Recognizing Toxidromes: Key Symptoms in Poisoning

Poisonings are among those situations in emergency medicine where recognizing clinical patterns is immediately decisive for therapy. Reliable history is often unavailable – patients are unconscious, uncooperative, or collateral information is contradictory. This is precisely where the concept of toxidromes comes in: recurring symptom constellations that point to specific substance classes and enable you to initiate targeted therapy before toxicological lab results are available. Systematic knowledge of the four major toxidromes – cholinergic, anticholinergic, sympathomimetic, and opioid syndrome – is indispensable for every emergency physician and can make the difference between targeted antidote administration and valuable time lost.

The Concept of Toxidromes

A toxidrome (from "toxic" and "syndrome") refers to a characteristic cluster of vital signs, pupillary changes, skin findings, level of consciousness, and other clinical signs caused by a specific substance class. The clinical examination follows a structured approach:

• Vital signs: Heart rate, blood pressure, respiratory rate, temperature
• Pupils: Miosis vs. mydriasis, light reaction
• Skin: Dry vs. moist, color, temperature
• Mucous membranes: Dry vs. moist
• Bowel sounds: Increased vs. decreased/absent
• Consciousness: Agitation vs. somnolence/coma
• Muscle tone: Flaccid vs. increased, fasciculations

In most cases, these parameters are sufficient to identify one of the classic toxidromes and initiate rational initial therapy. The key is that you perform this examination systematically and completely – individual findings are often nonspecific; only the pattern points the way.

Cholinergic Toxidrome

Pathophysiology

The cholinergic toxidrome results from overactivation of muscarinic and nicotinic acetylcholine receptors. Classic triggers include:

• Organophosphates and carbamates (pesticides, nerve agents)
• Cholinesterase inhibitors (neostigmine, physostigmine in overdose)
• Certain mushroom toxins (muscarine-containing mushrooms such as Inocybe and Clitocybe species)

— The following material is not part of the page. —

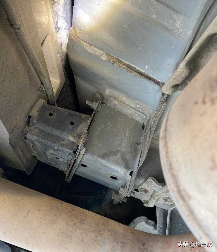 后部防撞梁无碰撞变形,固定螺丝无拧动拆卸,纵梁及周围围板无碰撞褶皱修复痕迹,表面平整自然完好无损,结合之前的检测情况可以排除后部追尾事故的嫌疑。

Organophosphates inhibit acetylcholinesterase irreversibly, carbamates reversibly. In both cases, acetylcholine accumulates at muscarinic and nicotinic synapses.

Key Symptoms

The muscarinic symptoms can be remembered using the mnemonics SLUDGE or DUMBELS:

• Salivation
• Lacrimation
• Urination
• Defecation
• Gastrointestinal cramps
• Emesis

Additionally with DUMBELS: Bronchospasm and Bronchorrhea as well as Miosis.

Nicotinic symptoms include:

• Muscle fasciculations
• Muscle cramps, weakness progressing to paralysis
• Tachycardia (in contrast to muscarinic bradycardia)
• Hypertension

The life-threatening triad consists of bronchorrhea, bronchospasm, and respiratory failure – patients ultimately "drown" in their own secretions.

Treatment

• Immediate measure: Personal safety first! Remove contaminated clothing, wear gloves. With organophosphates, there is a risk of contamination.
• Atropine: The central antidote against muscarinic symptoms.
  • Initial dose: 1–3 mg IV in adults
  • If response is inadequate: double the dose every 3–5 minutes
  • Target endpoint: drying of bronchial secretions (not pupil size!)
  • In severe organophosphate poisoning, total doses of 20–100 mg or more may be required
• Obidoxime (or pralidoxime): Acetylcholinesterase reactivator
  • Obidoxime: 250 mg IV bolus, then 750 mg/24 h via continuous infusion
  • Only effective before phosphorylation of cholinesterase "ages" (becomes irreversible) – time window is substance-dependent
  • Not indicated in carbamate poisoning
• Benzodiazepines: For seizures, diazepam 5–10 mg IV or midazolam 5 mg IV
• Airway management: Intubate early in cases of massive bronchorrhea. Avoid succinylcholine (not metabolized due to inhibited cholinesterase).

Anticholinergic Toxidrome

Pathophysiology

The anticholinergic (antimuscarinic) toxidrome is essentially the mirror image of the cholinergic toxidrome. It results from blockade of muscarinic acetylcholine receptors. Common triggers:

• Atropine, scopolamine
• Antihistamines (diphenhydramine, promethazine)
• Tricyclic antidepressants (amitriptyline, doxepin)
• Phenothiazines
• Deadly nightshade (Atropa belladonna), angel's trumpet (Brugmansia), jimsonweed (Datura stramonium)

Key Symptoms

The classic mnemonic is: "Blind as a bat, mad as a hatter, red as a beet, hot as a hare, dry as a bone, full as a flask."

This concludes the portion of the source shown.